(Entries taken from a collection)
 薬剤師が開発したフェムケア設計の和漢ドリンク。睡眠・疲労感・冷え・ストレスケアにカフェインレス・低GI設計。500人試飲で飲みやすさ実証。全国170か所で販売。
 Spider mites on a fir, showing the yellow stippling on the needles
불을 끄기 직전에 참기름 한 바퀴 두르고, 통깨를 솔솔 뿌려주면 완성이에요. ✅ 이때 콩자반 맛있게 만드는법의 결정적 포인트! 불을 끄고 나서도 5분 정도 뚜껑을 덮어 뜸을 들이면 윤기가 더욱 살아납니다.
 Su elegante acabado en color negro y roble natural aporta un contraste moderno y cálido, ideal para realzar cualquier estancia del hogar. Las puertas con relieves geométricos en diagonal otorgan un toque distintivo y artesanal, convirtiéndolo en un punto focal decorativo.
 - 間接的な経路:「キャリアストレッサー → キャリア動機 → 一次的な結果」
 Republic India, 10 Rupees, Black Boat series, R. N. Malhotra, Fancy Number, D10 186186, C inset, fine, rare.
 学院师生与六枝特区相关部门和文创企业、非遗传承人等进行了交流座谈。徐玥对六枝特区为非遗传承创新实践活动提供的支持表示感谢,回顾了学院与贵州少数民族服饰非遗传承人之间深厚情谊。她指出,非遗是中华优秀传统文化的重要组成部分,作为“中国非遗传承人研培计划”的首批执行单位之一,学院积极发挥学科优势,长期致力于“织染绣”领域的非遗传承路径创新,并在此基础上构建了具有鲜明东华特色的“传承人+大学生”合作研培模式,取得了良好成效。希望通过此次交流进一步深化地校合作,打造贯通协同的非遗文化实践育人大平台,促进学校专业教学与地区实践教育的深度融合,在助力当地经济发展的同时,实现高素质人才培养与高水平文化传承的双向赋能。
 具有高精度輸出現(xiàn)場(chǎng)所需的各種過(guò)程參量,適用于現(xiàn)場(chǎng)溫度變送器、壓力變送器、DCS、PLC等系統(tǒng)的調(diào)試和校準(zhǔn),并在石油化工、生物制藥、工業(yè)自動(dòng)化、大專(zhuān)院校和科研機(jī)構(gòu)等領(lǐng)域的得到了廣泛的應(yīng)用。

**Exercise prompt**. Above are the records; repeat exactly the lines from the one holding "Spider mites on" down to the one holding "Su elegante acabado", end lines included.

**Result of the exercise**.
 Spider mites on a fir, showing the yellow stippling on the needles
불을 끄기 직전에 참기름 한 바퀴 두르고, 통깨를 솔솔 뿌려주면 완성이에요. ✅ 이때 콩자반 맛있게 만드는법의 결정적 포인트! 불을 끄고 나서도 5분 정도 뚜껑을 덮어 뜸을 들이면 윤기가 더욱 살아납니다.
 Su elegante acabado en color negro y roble natural aporta un contraste moderno y cálido, ideal para realzar cualquier estancia del hogar. Las puertas con relieves geométricos en diagonal otorgan un toque distintivo y artesanal, convirtiéndolo en un punto focal decorativo.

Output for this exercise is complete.